Langdon White talks about Fedora Modularity

Eduard Lucena:

[00:07] Welcome back to the Fedora podcast. This is episode three. I'm here with Langdon White, leader of the Modularity objective in Fedora. He is going to talk about what is Modularity. Welcome, Langdon.

Langdon White:

[00:20] Thanks for having me.


[00:22] We have this thing called Modularity that we are trying to push really hard. We want you to explain what is Modularity?


[00:31] If you've ever used a Linux distribution before, you know that there are many users who run into what we often refer to as too fast and the too slow problem.

[00:42] What that means is for, let's say, a developer, they want the bleeding-edge version or the cutting-edge version of some toolchain, and it may not actually be in the distribution yet because it's not considered stable.

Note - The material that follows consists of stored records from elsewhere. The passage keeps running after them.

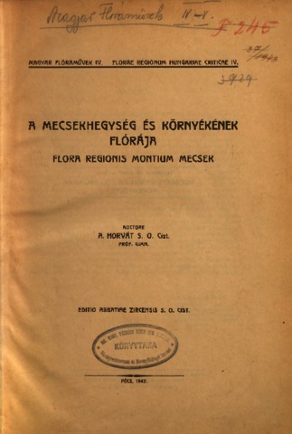 Horvát, Adolf Olivér (1942) A Mecsekhegység és környékének flórája. Magyar flóraművek (4). Editio Abbatiae Zircensis S. O . Cist., Pécs.
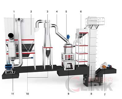 HGM超细磨粉机全套配置包括破碎机、斗式提升机、储料仓、振动给料机、磨粉设备主机、变频分级机、双联旋风集粉器、脉冲除尘系统、高压风机、空气压缩机、电器控制系统。
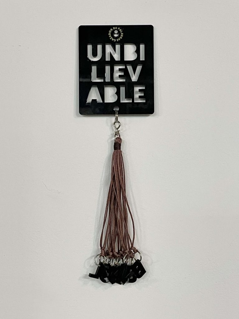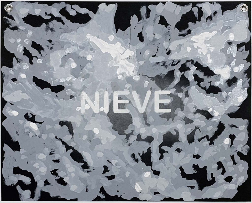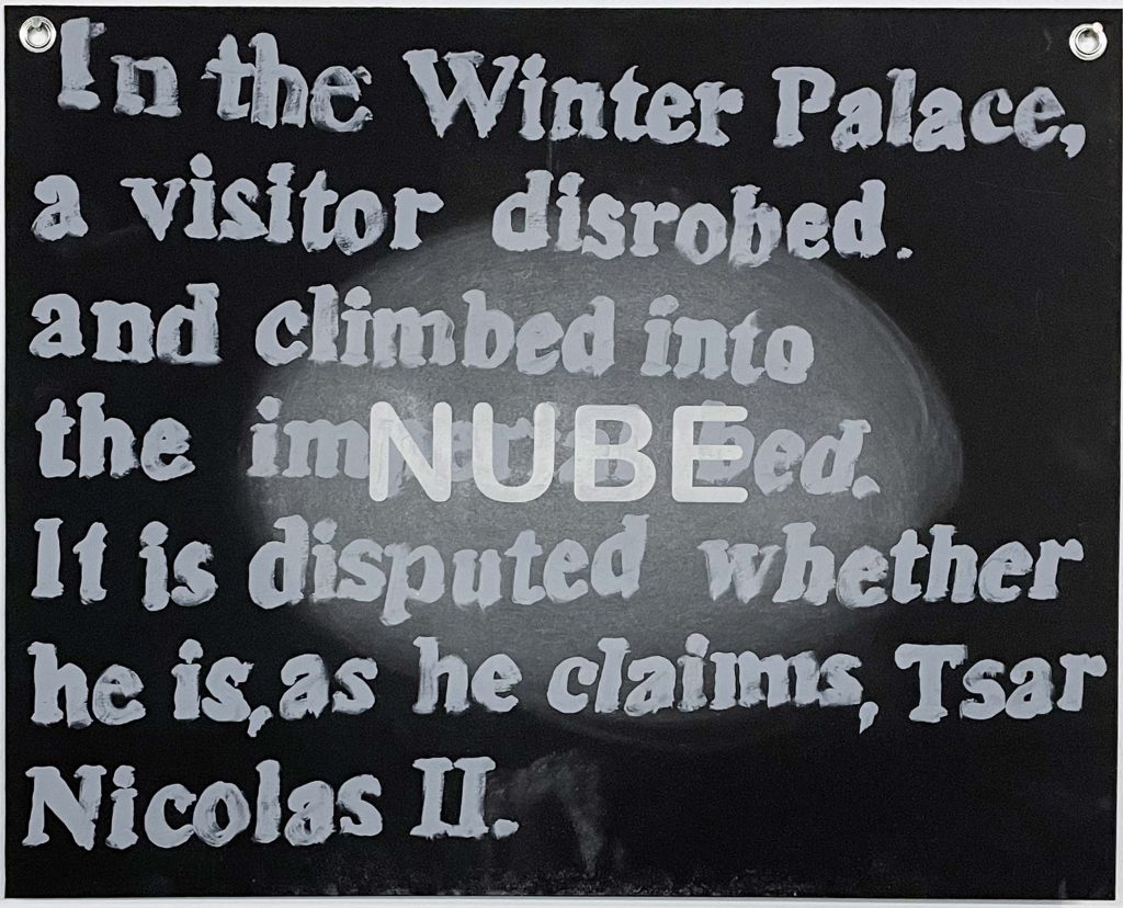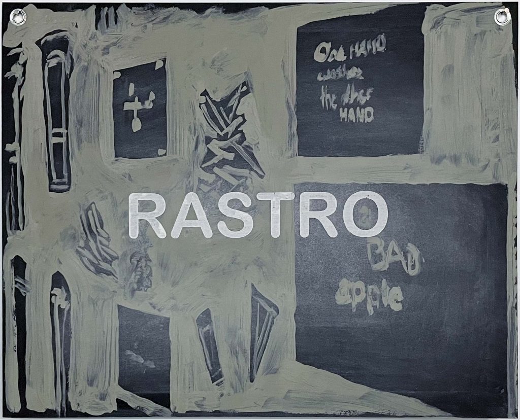 The Word Hunter is a project designed to establish an «alogical» game, randomly linking images and words. As a surrealist strategy, it involves creating templates of 12-letter words, grouped and stored in a canana (a hunter’s belt used to carry dead birds). From each 12-letter word—such as TRANSPARENT, REVOLUTIONS, UNBELIEVABLE—all possible words contained within are extracted. These discovered words are then layered over painted images on black cardboard. The resulting sense of order or disorder depends on the associations each viewer projects onto the set of images. The project generates an infinite archive of associations and cross-readings, where the hand, the eye, and the formal effects of each image take a secondary role, serving the overarching idea.
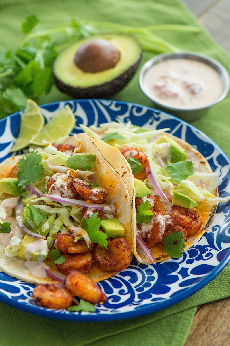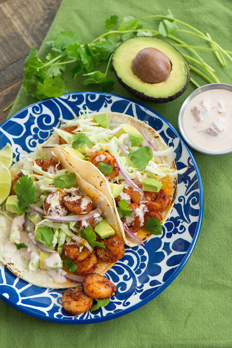 Chili Lime Shrimp Tacos with Creamy Salsa
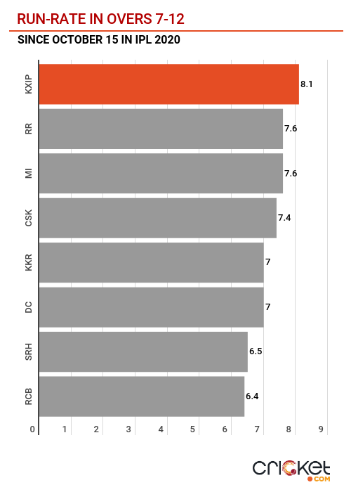 Consequently, KXIP have the highest run-rate in what is considered to be the slowest batting phase in a T20 innings - overs seven to 12.

[00:58] That is a problem for the developer, because that means they have to go hand build those components and deliver them themselves, and then maintain them, etc., and then hope that the version that they decided to settle on is the one the distribution picks up the next time the distribution changes usually major versions.

[01:19] That's the too slow problem. The too fast problem is when you have your application, and it's running on some kind of current version of some toolchain, and the distribution leapfrogs you. In other words, the distribution releases a major version. Now they have the newest version of that toolchain, and now your stuff doesn't work. What do you do?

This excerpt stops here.